←back to thread

688 points crescit_eundo | 2 comments | | HN request time: 0s | source
Show context
niobe ◴[] No.42142885[source]
I don't understand why educated people expect that an LLM would be able to play chess at a decent level.

It has no idea about the quality of it's data. "Act like x" prompts are no substitute for actual reasoning and deterministic computation which clearly chess requires.

replies(20): >>42142963 #>>42143021 #>>42143024 #>>42143060 #>>42143136 #>>42143208 #>>42143253 #>>42143349 #>>42143949 #>>42144041 #>>42144146 #>>42144448 #>>42144487 #>>42144490 #>>42144558 #>>42144621 #>>42145171 #>>42145383 #>>42146513 #>>42147230 #
viraptor ◴[] No.42143060[source]
This is a puzzle given enough training information. LLM can successfully print out the status of the board after the given moves. It can also produce a not-terrible summary of the position and is able to list dangers at least one move ahead. Decent is subjective, but that should beat at least beginners. And the lowest level of stockfish used in the blog post is lowest intermediate.

I don't know really what level we should be thinking of here, but I don't see any reason to dismiss the idea. Also, it really depends on whether you're thinking of the current public implementations of the tech, or the LLM idea in general. If we wanted to get better results, we could feed it way more chess books and past game analysis.

replies(2): >>42143139 #>>42143871 #
grugagag ◴[] No.42143139[source]
LLMs like GPT aren’t built to play chess, and here’s why: they’re made for handling language, not playing games with strict rules and strategies. Chess engines, like Stockfish, are designed specifically for analyzing board positions and making the best moves, but LLMs don’t even "see" the board. They’re just guessing moves based on text patterns, without understanding the game itself.

Plus, LLMs have limited memory, so they struggle to remember previous moves in a long game. It’s like trying to play blindfolded! They’re great at explaining chess concepts or moves but not actually competing in a match.

replies(5): >>42143316 #>>42143409 #>>42143940 #>>42144497 #>>42150276 #
1. codebolt ◴[] No.42144497{3}[source]
> they’re made for handling language, not playing games with strict rules and strategies

Here's the opposite theory: Language encodes objective reasoning (or at least, it does some of the time). A sufficiently large ANN trained on sufficiently large amounts of text will develop internal mechanisms of reasoning that can be applied to domains outside of language.

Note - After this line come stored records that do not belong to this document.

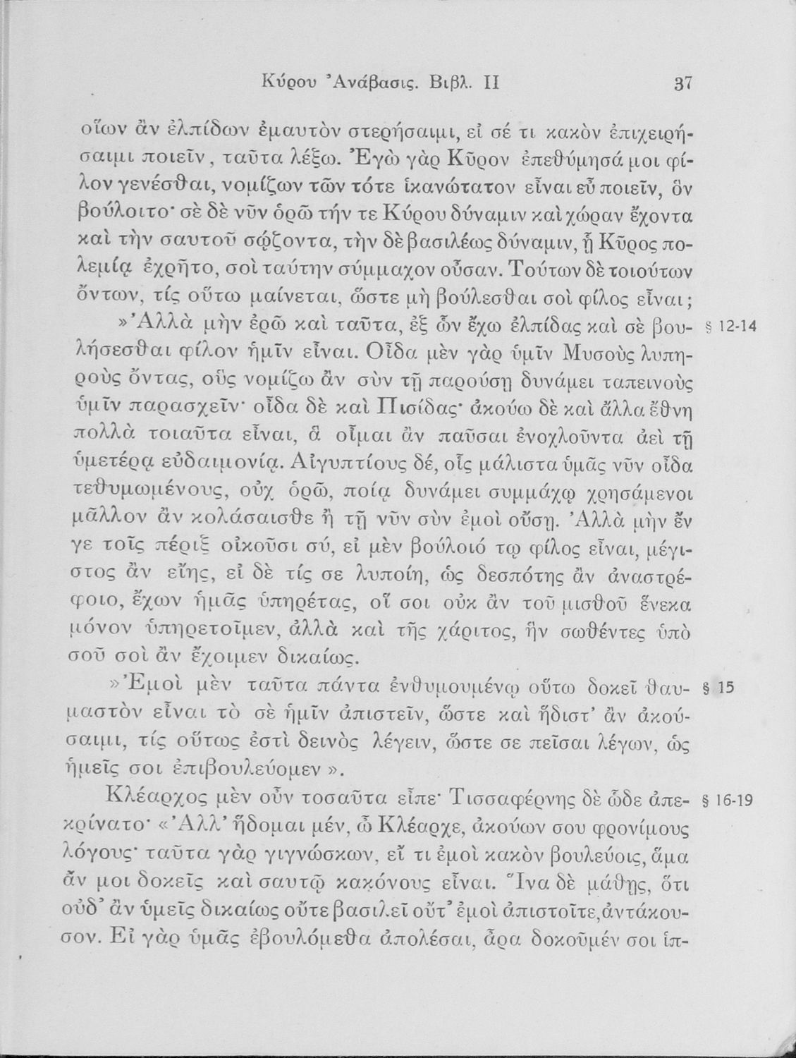 Σχολικό εγχειρίδιο Αρχαίων Ελληνικών Β΄ Γυμνασίου που περιλαμβάνει το έργο του Ξενοφώντα Κύρου Ανάβασις, εισαγωγικά σχόλια για τη ζωή και το έργο του, ερμηνευτικές και γραμματικές παρατηρήσεις
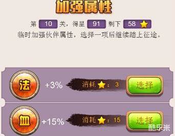 没过几次关卡,玩家都会得到一个强化自身属性的机会,根据玩家先前的通关情况,获取的星星数就是玩家强大自身的道具了。
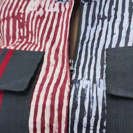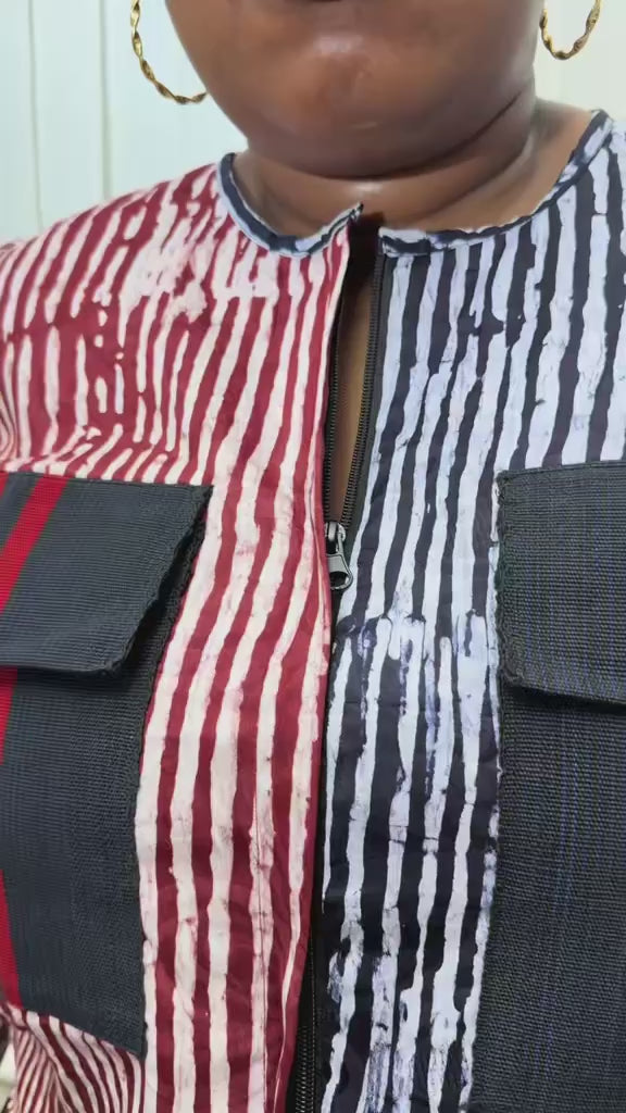 The mixed Cotten hand dyed brocade joined with the cotton twill chino wide leg pants creates rhythmic sparkle.

Based on what we are currently seeing LLMs do, I'm becoming more and more convinced that this is the correct picture.

replies(1): >>42144685 #
2. wruza ◴[] No.42144685[source]
I share this idea but from the different perspective. It doesn’t develop these mechanisms, but casts a high-dimensional-enough shadow of their effect on itself. This vaguely explains why the more deep Gell-Mann-wise you are the less sharp that shadow is, because specificity cuts off “reasoning” hyperplanes.

It’s hard to explain emerging mechanisms because of the nature of generation, which is one-pass sequential matrix reduction. I say this while waving my hands, but listen. Reasoning is similar to Turing complete algorithms, and what LLMs can become through training is similar to limited pushdown automata at best. I think this is a good conceptual handle for it.

“Line of thought” is an interesting way to loop the process back, but it doesn’t show that much improvement, afaiu, and still is finite.

Otoh, a chess player takes as much time and “loops” as they need to get the result (ignoring competitive time limits).